Description of the task: Your copy should match the entries exactly, with the pictures left out.

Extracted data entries
------------------------------------
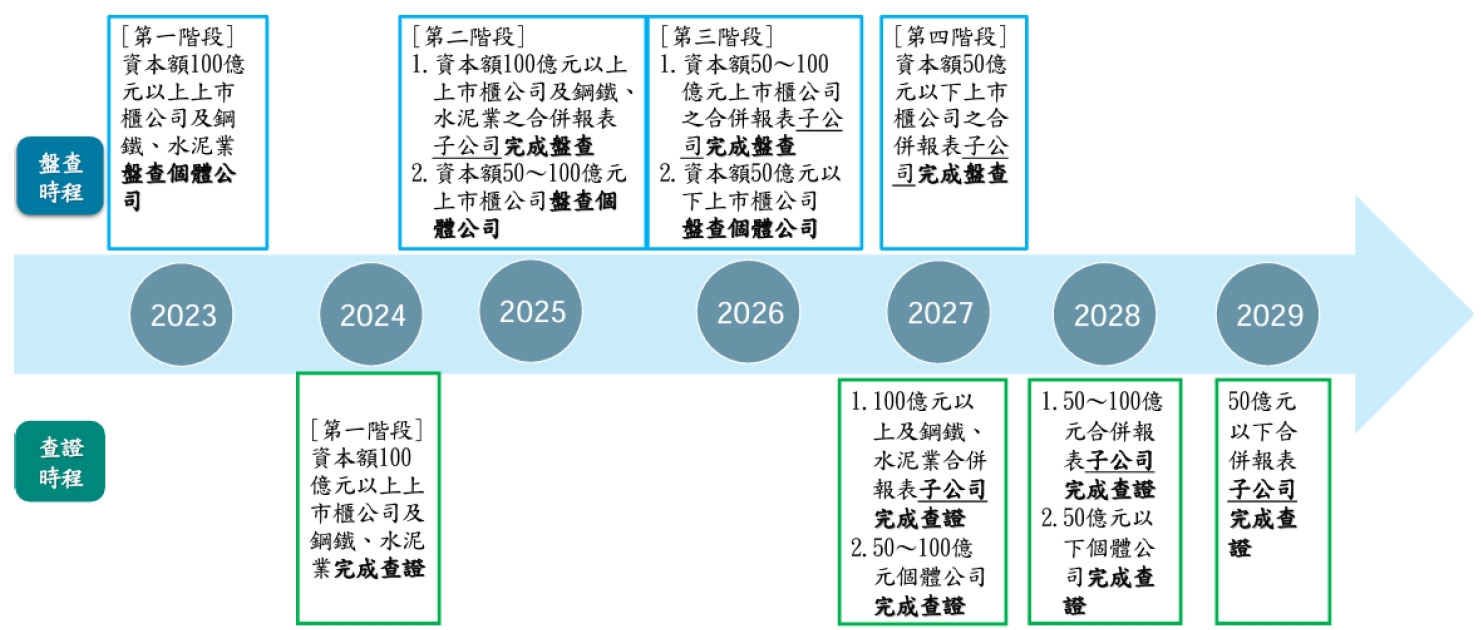 配合國家2050淨零碳排路徑,金管會業於2022年3月3日發布「上市櫃公司永續發展路徑圖」,分階段推動上市櫃公司揭露溫室氣體盤查及確信資訊,建構企業溫室氣體盤查能力。
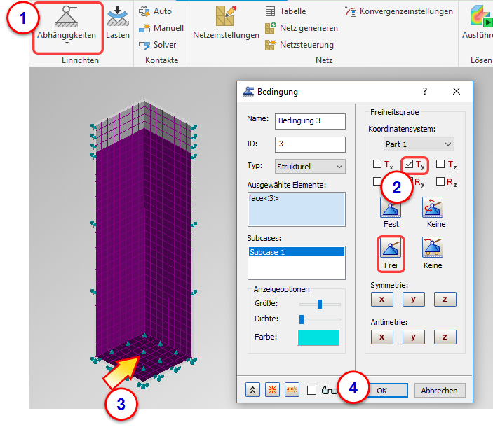 Als Nächstes fügen wir der Unterseite eine vertikale Abhängigkeit hinzu, um sicherzugehen, dass der Behälterboden auf dem Untergrund bleibt. Zusammen mit den beiden Symmetriebedingungen ermöglicht dies eine natürliche Ausdehnung des Behälters.
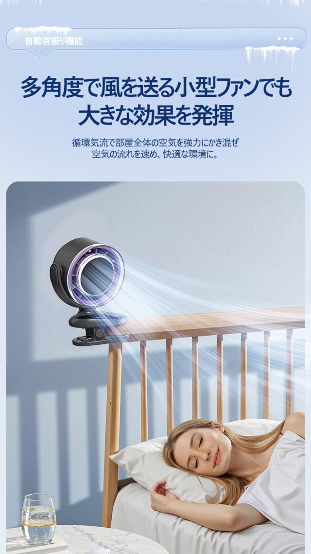 - 子どものベッドに取り付けました。 普段から真っ暗にせずに寝るので扇風機にLedランプ付きということで購入しました。 すごく静か!というわけではないですが、しっかりとした風量もあり、コンパクトなので良か...
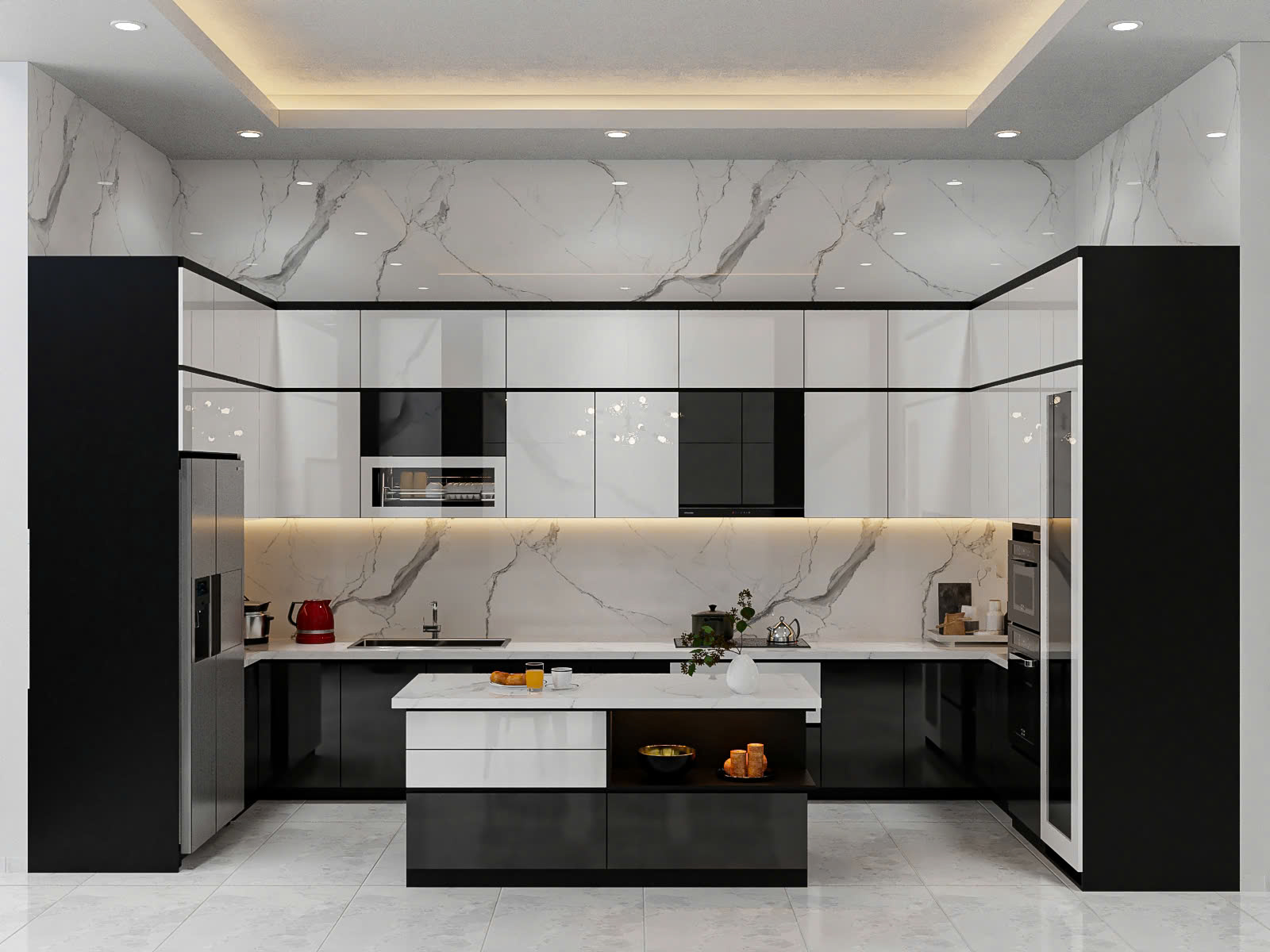 - Màu sắc chủ đạo: Sự đối lập giữa hai gam màu kinh điển đen và trắng tạo nên chiều sâu và sự sang trọng cho căn bếp nhà bạn.
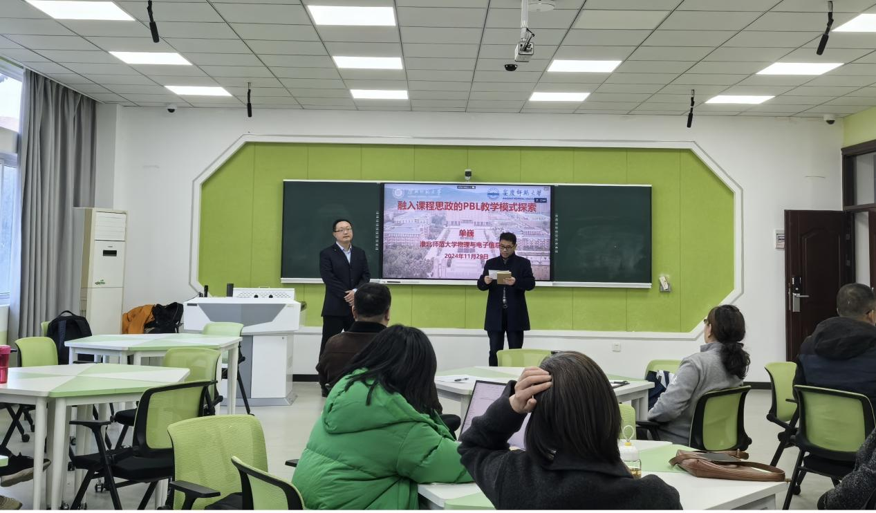 11月29日,太阳成集团122ccvip在教学楼智慧教室D204举办教师教学能力提升培训活动。淮北师范大学物理与电子信息公司单巍副教授应邀开展以“融入课程思政的PBL教学模式”为主题的专题培训,公司近年来引进的40余位专任教师参加了本次培训,活动由副经理章礼华主持。
------------------------------------
Exercise result:
 配合國家2050淨零碳排路徑,金管會業於2022年3月3日發布「上市櫃公司永續發展路徑圖」,分階段推動上市櫃公司揭露溫室氣體盤查及確信資訊,建構企業溫室氣體盤查能力。
 Als Nächstes fügen wir der Unterseite eine vertikale Abhängigkeit hinzu, um sicherzugehen, dass der Behälterboden auf dem Untergrund bleibt. Zusammen mit den beiden Symmetriebedingungen ermöglicht dies eine natürliche Ausdehnung des Behälters.
 - 子どものベッドに取り付けました。 普段から真っ暗にせずに寝るので扇風機にLedランプ付きということで購入しました。 すごく静か!というわけではないですが、しっかりとした風量もあり、コンパクトなので良か...
 - Màu sắc chủ đạo: Sự đối lập giữa hai gam màu kinh điển đen và trắng tạo nên chiều sâu và sự sang trọng cho căn bếp nhà bạn.
 11月29日,太阳成集团122ccvip在教学楼智慧教室D204举办教师教学能力提升培训活动。淮北师范大学物理与电子信息公司单巍副教授应邀开展以“融入课程思政的PBL教学模式”为主题的专题培训,公司近年来引进的40余位专任教师参加了本次培训,活动由副经理章礼华主持。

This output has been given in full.